(What you should do): From the listing below, copy only the lines from the line that contains "Sollten Sie Fragen" to the line that contains "Når du med lethed", counting those two lines as part of the copy.

(Supplied data):
--- START ---
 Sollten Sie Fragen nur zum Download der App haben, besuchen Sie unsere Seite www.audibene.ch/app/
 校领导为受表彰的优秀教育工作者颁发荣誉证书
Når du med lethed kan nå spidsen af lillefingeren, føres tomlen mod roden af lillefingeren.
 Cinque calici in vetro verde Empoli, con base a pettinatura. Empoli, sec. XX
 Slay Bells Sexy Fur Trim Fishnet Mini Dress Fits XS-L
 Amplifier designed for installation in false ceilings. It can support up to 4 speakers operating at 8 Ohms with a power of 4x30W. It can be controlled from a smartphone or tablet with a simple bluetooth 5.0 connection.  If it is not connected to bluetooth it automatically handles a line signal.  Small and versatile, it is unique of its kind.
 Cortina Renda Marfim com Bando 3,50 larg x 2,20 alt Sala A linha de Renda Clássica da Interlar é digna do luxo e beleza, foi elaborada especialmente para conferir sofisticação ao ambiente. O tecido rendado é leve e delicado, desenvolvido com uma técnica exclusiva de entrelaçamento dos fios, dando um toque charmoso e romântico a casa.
--- END ---
--- START ---
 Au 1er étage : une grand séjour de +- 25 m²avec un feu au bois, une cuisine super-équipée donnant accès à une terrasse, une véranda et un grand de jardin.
--- END ---
--- START ---
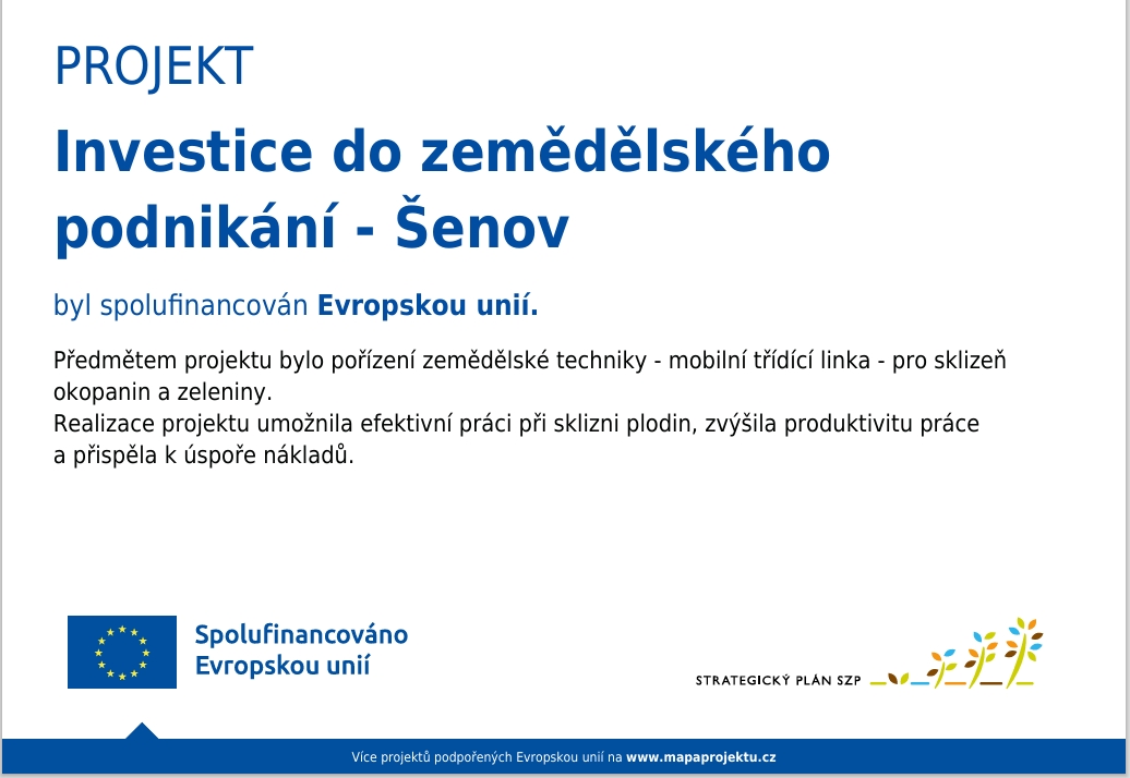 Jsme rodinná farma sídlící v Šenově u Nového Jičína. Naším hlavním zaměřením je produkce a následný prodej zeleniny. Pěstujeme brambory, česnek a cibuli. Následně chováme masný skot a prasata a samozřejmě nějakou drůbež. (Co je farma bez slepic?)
--- END ---
(Answer to this exercise):
 Sollten Sie Fragen nur zum Download der App haben, besuchen Sie unsere Seite www.audibene.ch/app/
 校领导为受表彰的优秀教育工作者颁发荣誉证书
Når du med lethed kan nå spidsen af lillefingeren, føres tomlen mod roden af lillefingeren.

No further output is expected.